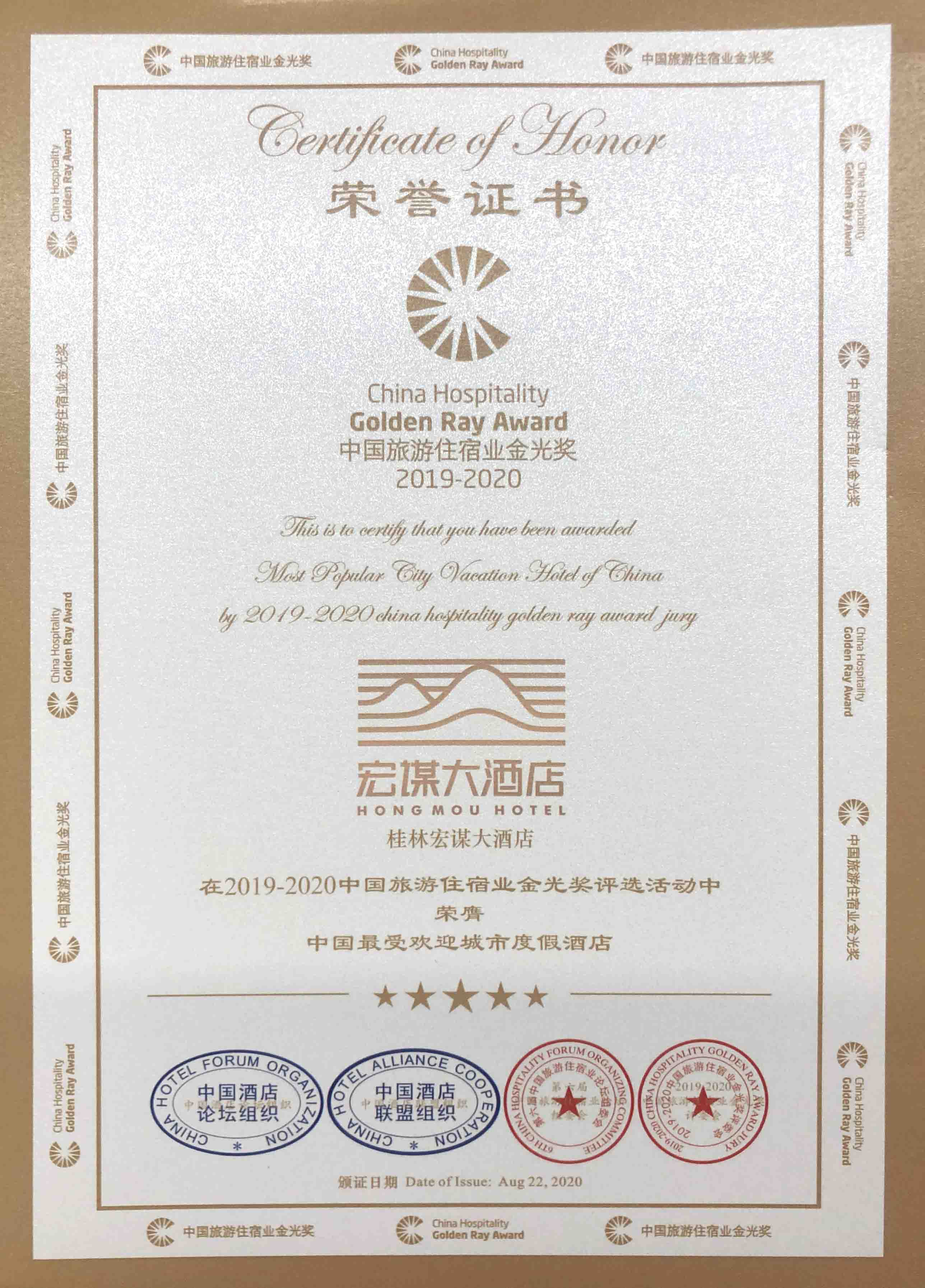 金光獎(jiǎng)是中國旅游住宿行業(yè)跨業(yè)界、跨年度、覆蓋面最廣的獎(jiǎng)項(xiàng),獲獎(jiǎng)評選經(jīng)過各學(xué)術(shù)、專業(yè)、跨界領(lǐng)域評委根據(jù)各酒店競爭力、住房率、收益利潤等多個(gè)標(biāo)準(zhǔn)評選而出。桂林宏謀大酒店此次榮獲中國酒店金光獎(jiǎng)的兩項(xiàng)殊榮,是對酒店不斷深化文化藝術(shù)主題,追求酒店優(yōu)秀服務(wù)品質(zhì)的認(rèn)可!
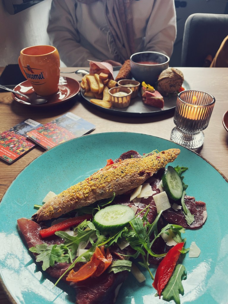 I’d already sussed out the menu at the castle, and it did not disappoint. We arrived to ample seating in a cozy warm dining area, ordered two hot chocolate’s with fresh whipped cream right off the bat to warm us up. We split a hearty spread; a ribeye sandwich, tomato soup, croquettes, veggie wrap & chips. It was plenty of food, and well executed. We finished up, took in the castle grounds and caught our ride back to the hotel. What ubering lacks in morals they make up for in convenience.
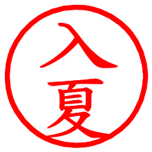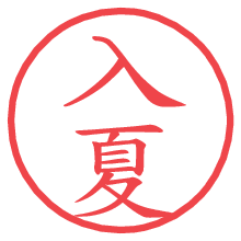 [朱肉の色]を選び、入力窓に“入夏”と入力して[生成]ボタンを押すと、印影が更新され、リンクから電子印鑑(デジタル印影)がダウンロードできます。 電子印鑑「入夏」の作り方文字表示が変なときや、文字バランスが悪いときは[字形切替]のチェックボックスでON/OFFを切り替え[生成]しなおしてください。 生成される画像は通常の印影「入夏.png」と、にじみを表現した少し太めの印影「入夏B.png」の背面透過PNG形式2種と、鮮明なPDF形式の印影「入夏.pdf」の計3種類です。 朱肉の微妙な色の違いを7色で表現しました。デフォルト(左端)は、JISが定めた朱肉の色のマンセル値(7.5R 5/14)をRGB値(217,66,54)に変換したものになっています。 「電子透かし」にチェックを入れて[生成]ボタンを押すと、タイムスタンプを電子透かしとして埋め込んだセキュアな電子印鑑が作れます。詳細は別ページの「タイムスタンプと電子透かし」でご覧ください。 入夏さんの日付印が作れます。「日付スタンプメーカー」は、社内向けの書類に利用されることの多い日付印(データ印)が無料で作れるWebアプリケーションです。中段に日付が入り、上段と下段は、ともに8文字まで文字が入ります。 ![]() 古代文字で落款印が作れます。「落款スタンプメーカー」で作品を引き立たせる落款印が作れます。
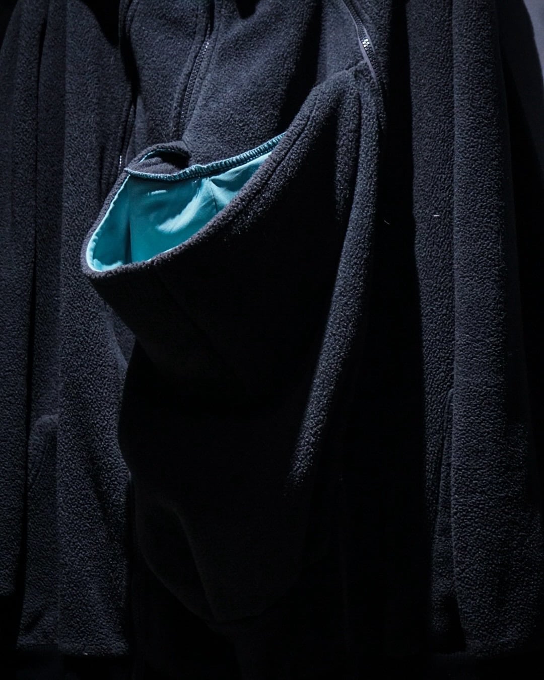 フロントには複数のジップを配置し、開閉によって使い方を調整可能。フード裏には肌触りの良いストレッチ素材を用い、直接触れてもストレスのない仕様に。細かな部分ですが、着用者と赤ちゃん双方への配慮が感じられるポイントです。
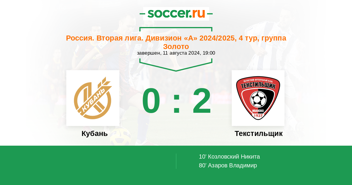 Матчи Россия. Вторая лига. Дивизион «А» 2024/2025

* _DIRECTIONS_
Only the lines from the one containing "フロントには複数のジップを配" to the end of the listing belong in the answer, exactly as they stand and with no pictures.

* _RESPONSE AREA_
 フロントには複数のジップを配置し、開閉によって使い方を調整可能。フード裏には肌触りの良いストレッチ素材を用い、直接触れてもストレスのない仕様に。細かな部分ですが、着用者と赤ちゃん双方への配慮が感じられるポイントです。
 Матчи Россия. Вторая лига. Дивизион «А» 2024/2025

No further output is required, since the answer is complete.